(TASK PROMPT): Where the material below has a line containing "Formato divorcio administrativo", start repeating exactly, and keep going through the line containing "The TSOs will", with no other lines.

(STUDY MATERIAL):
------------------------------

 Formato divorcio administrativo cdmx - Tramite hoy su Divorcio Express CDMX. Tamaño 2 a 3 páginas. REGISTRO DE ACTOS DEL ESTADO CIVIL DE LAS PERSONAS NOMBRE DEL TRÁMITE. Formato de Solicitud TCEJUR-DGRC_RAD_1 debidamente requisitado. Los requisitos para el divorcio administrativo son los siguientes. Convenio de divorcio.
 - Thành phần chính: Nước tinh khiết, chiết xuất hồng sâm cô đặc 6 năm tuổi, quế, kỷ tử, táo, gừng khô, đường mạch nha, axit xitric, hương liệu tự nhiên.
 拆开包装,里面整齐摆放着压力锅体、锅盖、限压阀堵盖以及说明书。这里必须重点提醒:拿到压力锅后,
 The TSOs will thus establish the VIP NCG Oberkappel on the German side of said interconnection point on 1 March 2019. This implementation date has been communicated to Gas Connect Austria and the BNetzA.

------------------------------

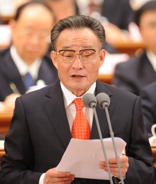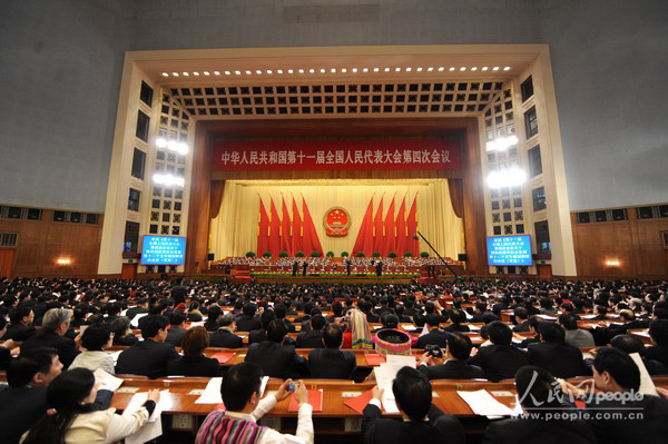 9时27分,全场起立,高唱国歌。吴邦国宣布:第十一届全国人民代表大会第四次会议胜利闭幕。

------------------------------

(ANSWER BOX):
 Formato divorcio administrativo cdmx - Tramite hoy su Divorcio Express CDMX. Tamaño 2 a 3 páginas. REGISTRO DE ACTOS DEL ESTADO CIVIL DE LAS PERSONAS NOMBRE DEL TRÁMITE. Formato de Solicitud TCEJUR-DGRC_RAD_1 debidamente requisitado. Los requisitos para el divorcio administrativo son los siguientes. Convenio de divorcio.
 - Thành phần chính: Nước tinh khiết, chiết xuất hồng sâm cô đặc 6 năm tuổi, quế, kỷ tử, táo, gừng khô, đường mạch nha, axit xitric, hương liệu tự nhiên.
 拆开包装,里面整齐摆放着压力锅体、锅盖、限压阀堵盖以及说明书。这里必须重点提醒:拿到压力锅后,
 The TSOs will thus establish the VIP NCG Oberkappel on the German side of said interconnection point on 1 March 2019. This implementation date has been communicated to Gas Connect Austria and the BNetzA.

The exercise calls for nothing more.